### Records shown
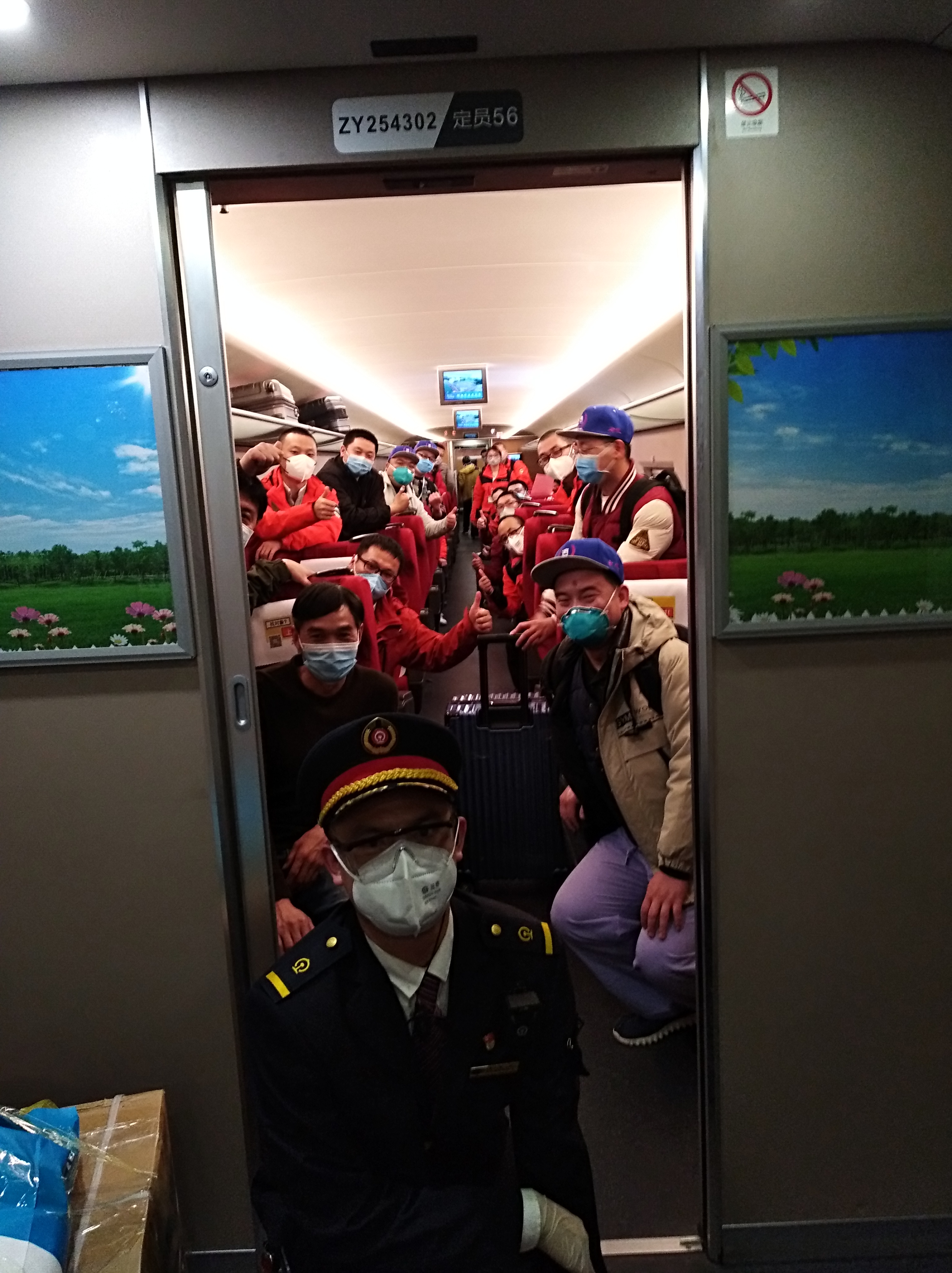 同日,G530次列車(chē)列車(chē)長(zhǎng)彭劉新接到緊急通知,河南省第八批援助湖北醫(yī)療隊(duì)30名隊(duì)員將乘車(chē)自武漢返回鄭州。列車(chē)到達(dá)武漢站,乘務(wù)人員快速引導(dǎo)醫(yī)療隊(duì)在2號(hào)車(chē)廂入座、擺放好行李物品,列車(chē)長(zhǎng)彭劉新向醫(yī)護(hù)人員表達(dá)敬佩與感激之情。列車(chē)到達(dá)鄭州東站前,列車(chē)長(zhǎng)彭劉新再次向戰(zhàn)“疫”英雄們表達(dá)謝意,應(yīng)醫(yī)療隊(duì)成員之邀與30位醫(yī)療隊(duì)成員合影留念。
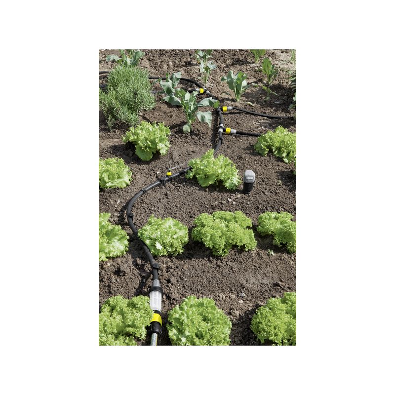 El filtro de partículas protege el sistema Rain System® de Kärcher frente a partículas de suciedad de forma fiable. El acoplamiento de filtro se puede desmontar y limpiar fácil y cómodamente.El filtro de partículas protege el sistema Rain System® de Kärcher frente a partículas de suciedad. El filtro se coloca en el extremo de la manguera de alimentación, en la conexión con el sistema Rain System® de Kärcher. El acoplamiento de filtro se puede desmontar y limpiar sin esfuerzo en cualquier momento. En el lado de entrada, se encuentra una conexión de grifos, que es compatible con todos los sistemas de acoplamiento conocidos. El lado de salida constituye la conexión para la manguera del sistema Rain System® de Kärcher o para la manguera de goteo. Las mangueras se conectan directamente con facilidad y se fijan con la ayuda de la tuerca racor sin necesidad de usar herramientas. El eficaz sistema de riego Rain System® de Kärcher combina las ventajas del Micro-Dripping con las del riego convencional. El sistema funciona con una presión de hasta 4 bar, puede adaptarse individualmentea casi todos los tipos de jardín y se combina perfectamente con SensoTimer™ para conseguir un control del riego en función de las necesidades.
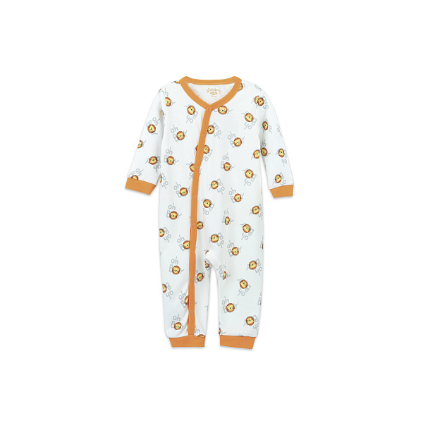 Мягкий хлопковый комбинезон согреет малыша, а красочный дизайн подарит маленькому соне сладкие сны. Натуральный хлопок в составе приятно прилегает к телу, хорошо пропускает воздух и дарит комфорт нежной коже. Ступни открытые, штанины дополнены оранжевыми манжетами, рукава удлиненные. Вырез горловины круглый, без воротника. Косая застежка с кнопками от горловины до ступни позволит родителям быстро переодеть ребенка и сменить подгузник. Дизайн комбинезона яркий и красочный, ткань украшена львиными мордочками с надписями. Рекомендовано для детей ясельного возраста.
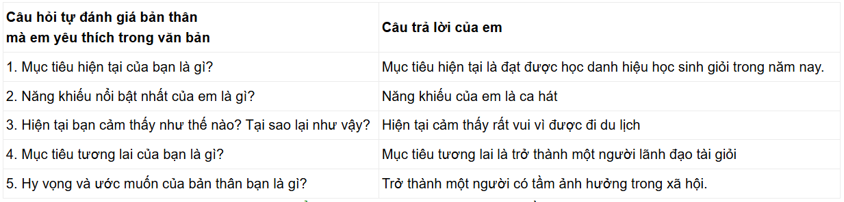 Câu hỏi 2 SGK Ngữ văn 8 CTST – Soạn bài Hiểu rõ bản thân (trang 104): Liệt kê một số câu hỏi dùng để tự đánh giá bản thân mà em yêu thích trong văn bản. Sau đó, trả lời những câu hỏi em đã chọn.
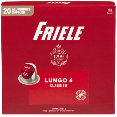 Lungo 6 Kapsler, 20 stk fra Friele er et produkt innen Drikke, Kaffekapsler. Produktet er tilgjengelig hos Oda til en pris av 66.60 kr. Vekten er 20 piece. Produktet leveres av Jacobs Douwe Egberts Norge AS Retail. Produktet ble første gang registrert 9.1.2022 og sist oppdatert 6.10.2023. Prisen har endret seg fra 65.70 kr til 66.60 kr over tid.
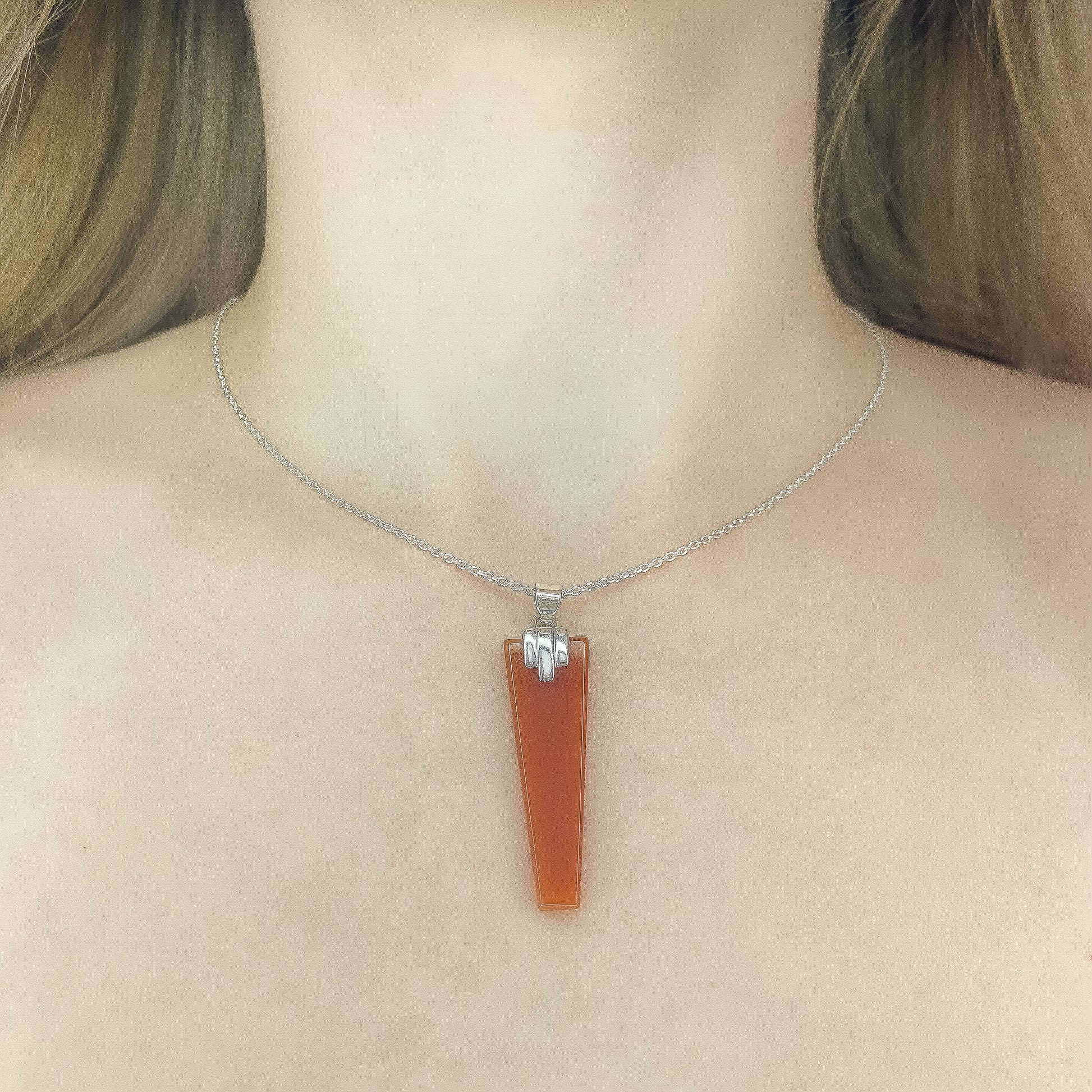 Sidabrinis pakabukas su karneoliu ir grandinėle
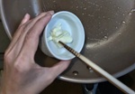 3 中の空気を抜く。この肉だねは手に付きやすいので、サラダ油少量を手の平につけてから。利き手に肉だねを持ち、逆の手にキャッチボール。20回くり返す。
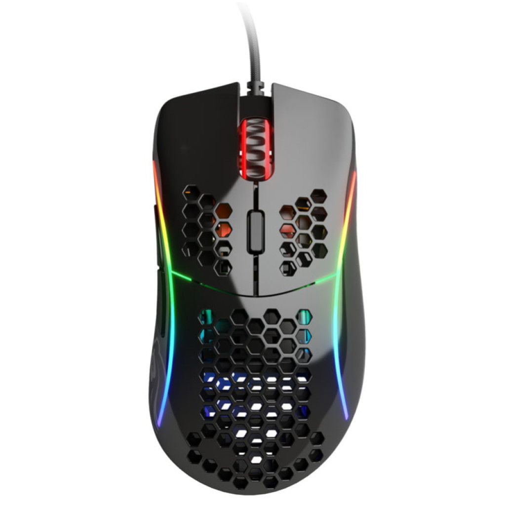 Glorious PC Gaming Race Model D. Faktor oblike: desno. Tehnologija zaznavanja gibanja: Optični, Vmesnik naprave: USB Type-A, Ločljivost gibanja: 12000 DPI, Odzivni čas: 1 ms, Vrsta gumbov: Pritisnjeni gumbi, Število gumbov: 6, Tip drsenja: Kolesce, Pospešek (maks.): 50 G Barve osvetlitve: Multi. Vir napajanja: kabel. Barva izdelka: Črna
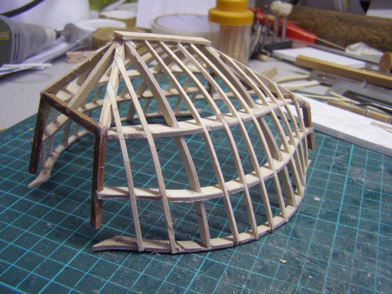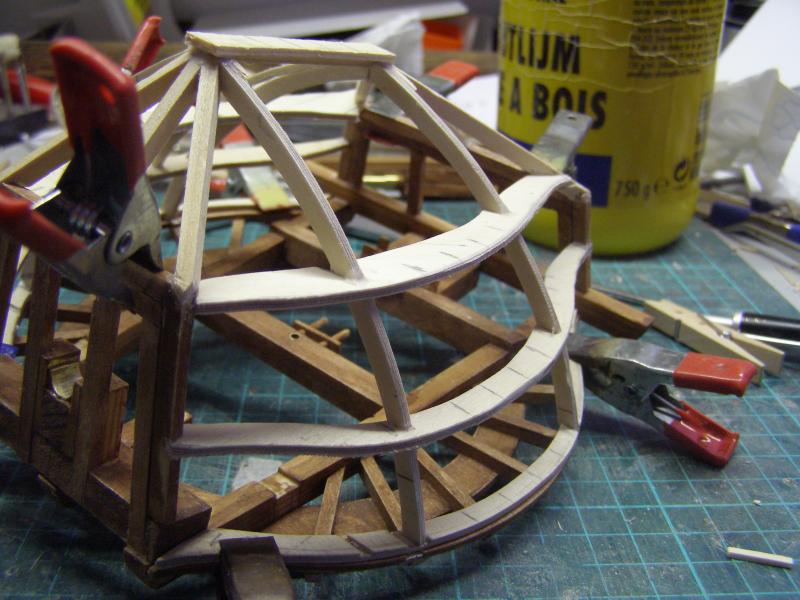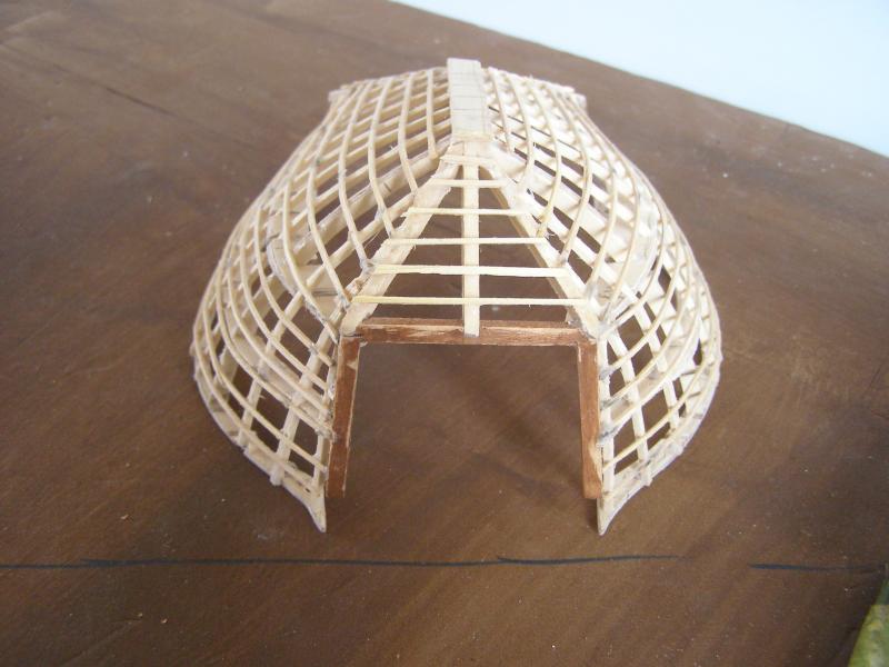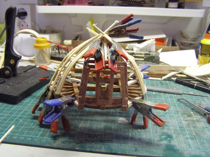 dan de verticale spanten, deze eerst in het water gelegd zodat ze makkelijker buigen.
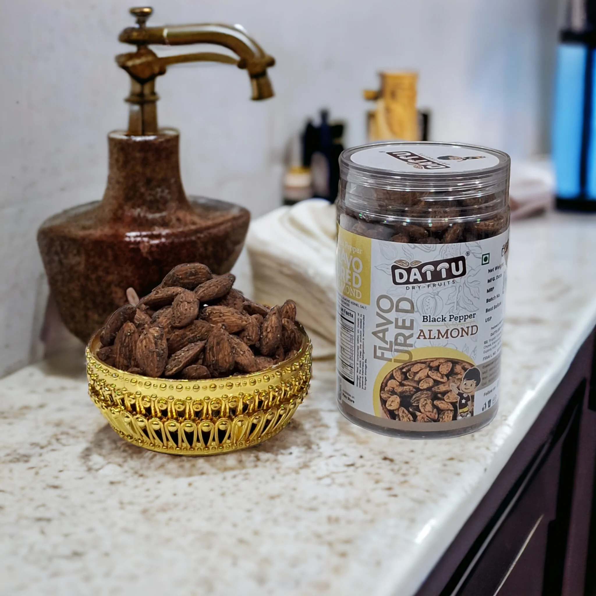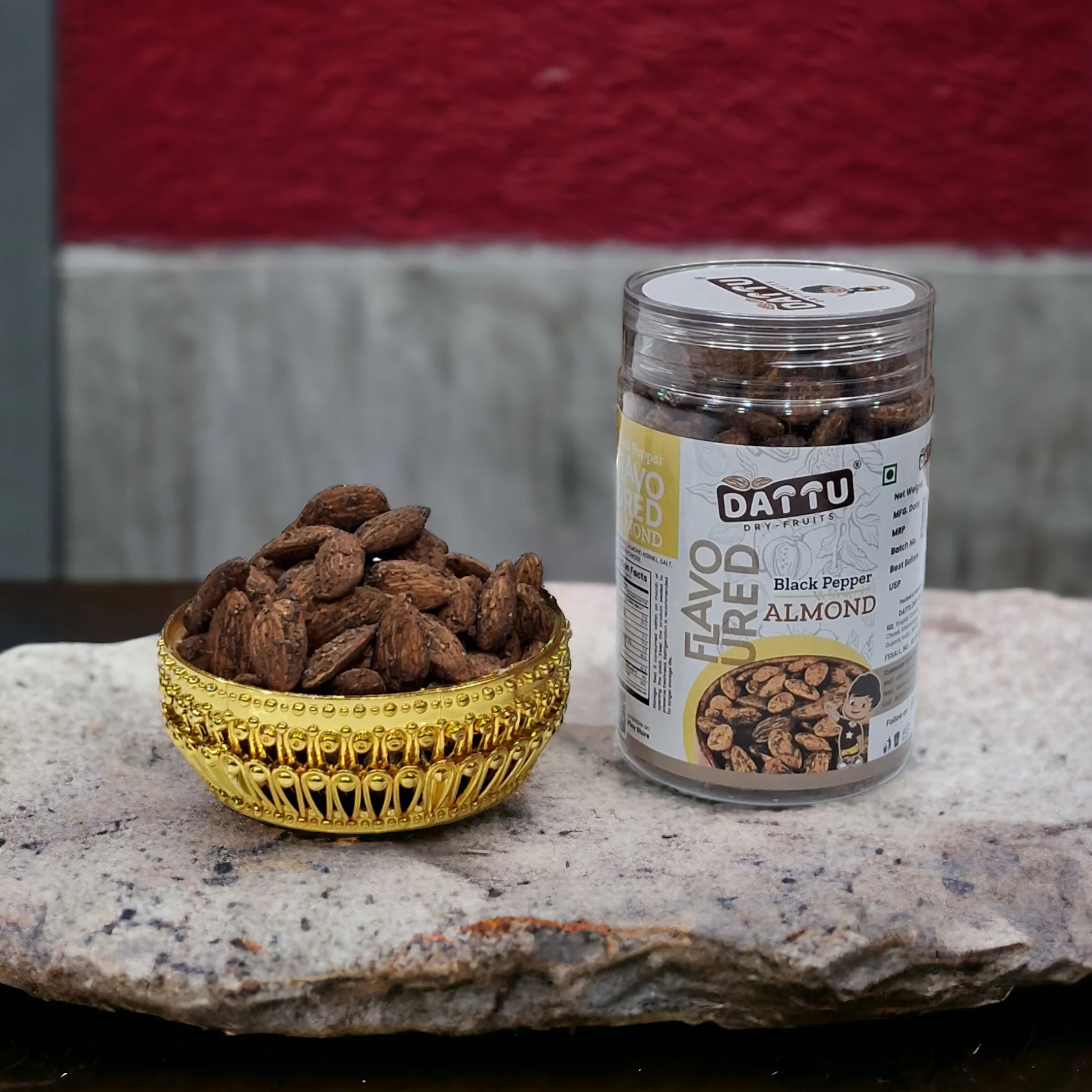 Savor the bold taste of Premium Black Pepper Almonds, perfectly roasted and seasoned with a spicy black pepper twist. Rich in protein, fiber, and healthy fats, these crunchy almonds make a delicious guilt-free snack that boosts energy and supports heart health. Perfect for everyday munching, party servings, or festive gifting.
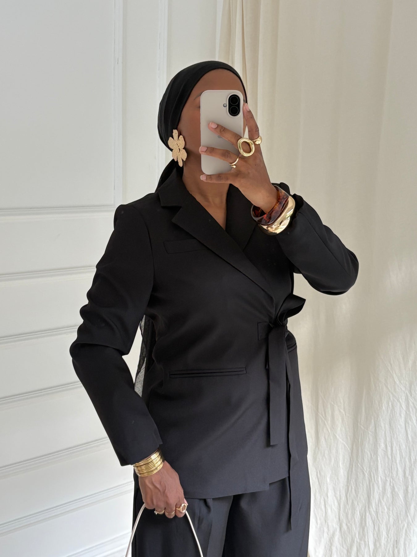 Un blazer au design unique, attaché sur le côté pour un tombé original et ultra élégant.
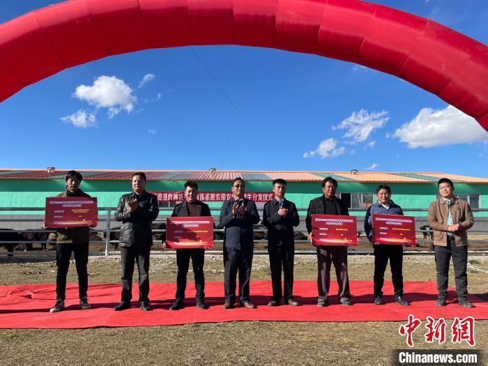 圖為同德縣牦牛產業園為牧民分發良種牛犢儀式現場。陳宗淇 攝
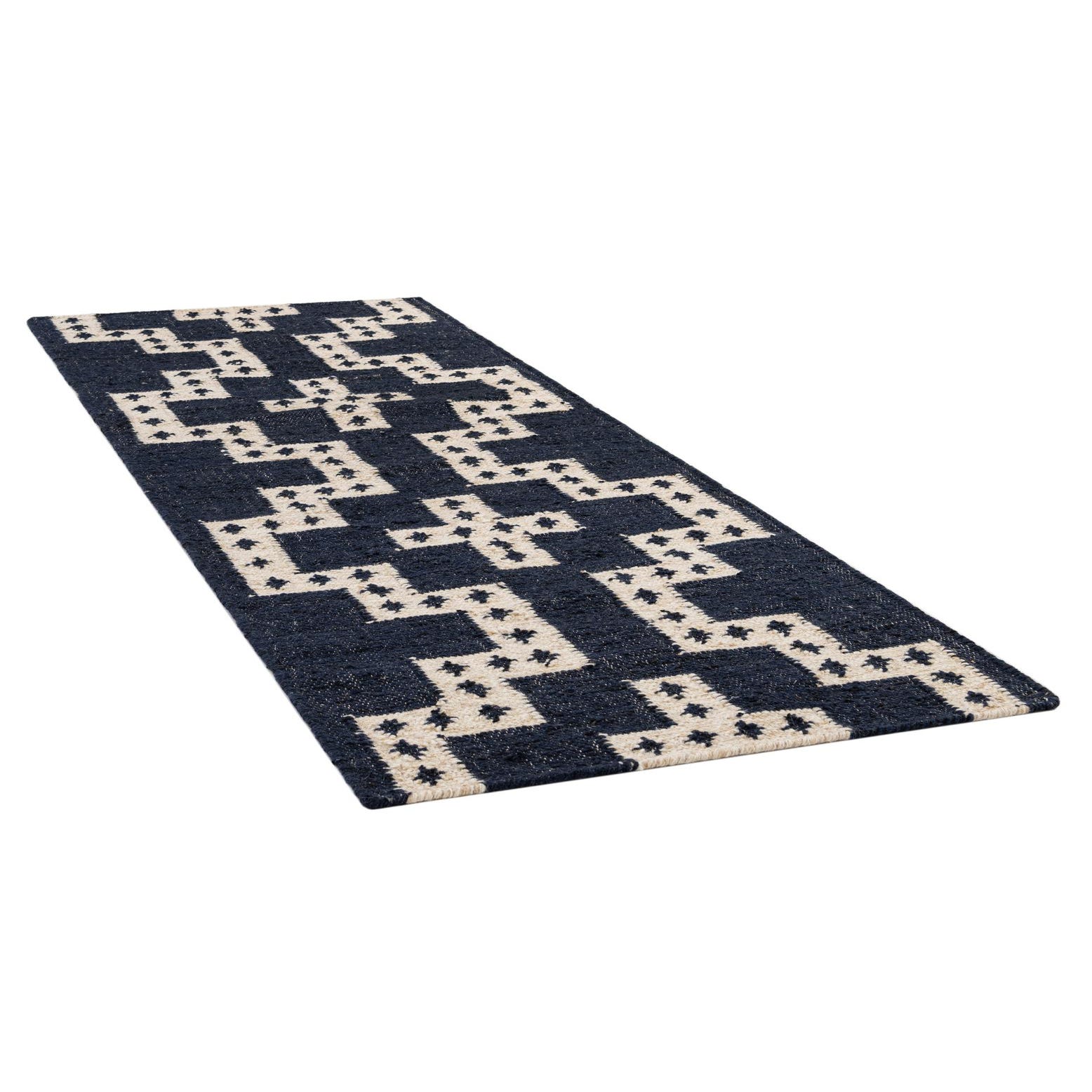 Hand-woven from 100% wool, this runner pairs a deep navy ground with bold white geometric bands and cross motifs for a clean, graphic look. The stepped patterns and small diamond accents create a rhythmic layout that reads both modern and rooted in traditional flatweave design. Running your hand across the surface reveals a tactile, slightly nubby weave—the wool feels warm and substantial, with the lighter motifs sitting a touch higher for subtle dimensional contrast.
######
#### [What you should do]
Extract all the entries word for word; omit any pictures.

#### [Written reply]
 同日,G530次列車(chē)列車(chē)長(zhǎng)彭劉新接到緊急通知,河南省第八批援助湖北醫(yī)療隊(duì)30名隊(duì)員將乘車(chē)自武漢返回鄭州。列車(chē)到達(dá)武漢站,乘務(wù)人員快速引導(dǎo)醫(yī)療隊(duì)在2號(hào)車(chē)廂入座、擺放好行李物品,列車(chē)長(zhǎng)彭劉新向醫(yī)護(hù)人員表達(dá)敬佩與感激之情。列車(chē)到達(dá)鄭州東站前,列車(chē)長(zhǎng)彭劉新再次向戰(zhàn)“疫”英雄們表達(dá)謝意,應(yīng)醫(yī)療隊(duì)成員之邀與30位醫(yī)療隊(duì)成員合影留念。
 El filtro de partículas protege el sistema Rain System® de Kärcher frente a partículas de suciedad de forma fiable. El acoplamiento de filtro se puede desmontar y limpiar fácil y cómodamente.El filtro de partículas protege el sistema Rain System® de Kärcher frente a partículas de suciedad. El filtro se coloca en el extremo de la manguera de alimentación, en la conexión con el sistema Rain System® de Kärcher. El acoplamiento de filtro se puede desmontar y limpiar sin esfuerzo en cualquier momento. En el lado de entrada, se encuentra una conexión de grifos, que es compatible con todos los sistemas de acoplamiento conocidos. El lado de salida constituye la conexión para la manguera del sistema Rain System® de Kärcher o para la manguera de goteo. Las mangueras se conectan directamente con facilidad y se fijan con la ayuda de la tuerca racor sin necesidad de usar herramientas. El eficaz sistema de riego Rain System® de Kärcher combina las ventajas del Micro-Dripping con las del riego convencional. El sistema funciona con una presión de hasta 4 bar, puede adaptarse individualmentea casi todos los tipos de jardín y se combina perfectamente con SensoTimer™ para conseguir un control del riego en función de las necesidades.
 Мягкий хлопковый комбинезон согреет малыша, а красочный дизайн подарит маленькому соне сладкие сны. Натуральный хлопок в составе приятно прилегает к телу, хорошо пропускает воздух и дарит комфорт нежной коже. Ступни открытые, штанины дополнены оранжевыми манжетами, рукава удлиненные. Вырез горловины круглый, без воротника. Косая застежка с кнопками от горловины до ступни позволит родителям быстро переодеть ребенка и сменить подгузник. Дизайн комбинезона яркий и красочный, ткань украшена львиными мордочками с надписями. Рекомендовано для детей ясельного возраста.
 Câu hỏi 2 SGK Ngữ văn 8 CTST – Soạn bài Hiểu rõ bản thân (trang 104): Liệt kê một số câu hỏi dùng để tự đánh giá bản thân mà em yêu thích trong văn bản. Sau đó, trả lời những câu hỏi em đã chọn.
 Lungo 6 Kapsler, 20 stk fra Friele er et produkt innen Drikke, Kaffekapsler. Produktet er tilgjengelig hos Oda til en pris av 66.60 kr. Vekten er 20 piece. Produktet leveres av Jacobs Douwe Egberts Norge AS Retail. Produktet ble første gang registrert 9.1.2022 og sist oppdatert 6.10.2023. Prisen har endret seg fra 65.70 kr til 66.60 kr over tid.
 Sidabrinis pakabukas su karneoliu ir grandinėle
 3 中の空気を抜く。この肉だねは手に付きやすいので、サラダ油少量を手の平につけてから。利き手に肉だねを持ち、逆の手にキャッチボール。20回くり返す。
 Glorious PC Gaming Race Model D. Faktor oblike: desno. Tehnologija zaznavanja gibanja: Optični, Vmesnik naprave: USB Type-A, Ločljivost gibanja: 12000 DPI, Odzivni čas: 1 ms, Vrsta gumbov: Pritisnjeni gumbi, Število gumbov: 6, Tip drsenja: Kolesce, Pospešek (maks.): 50 G Barve osvetlitve: Multi. Vir napajanja: kabel. Barva izdelka: Črna
 dan de verticale spanten, deze eerst in het water gelegd zodat ze makkelijker buigen.
 Savor the bold taste of Premium Black Pepper Almonds, perfectly roasted and seasoned with a spicy black pepper twist. Rich in protein, fiber, and healthy fats, these crunchy almonds make a delicious guilt-free snack that boosts energy and supports heart health. Perfect for everyday munching, party servings, or festive gifting.
 Un blazer au design unique, attaché sur le côté pour un tombé original et ultra élégant.
 圖為同德縣牦牛產業園為牧民分發良種牛犢儀式現場。陳宗淇 攝
 Hand-woven from 100% wool, this runner pairs a deep navy ground with bold white geometric bands and cross motifs for a clean, graphic look. The stepped patterns and small diamond accents create a rhythmic layout that reads both modern and rooted in traditional flatweave design. Running your hand across the surface reveals a tactile, slightly nubby weave—the wool feels warm and substantial, with the lighter motifs sitting a touch higher for subtle dimensional contrast.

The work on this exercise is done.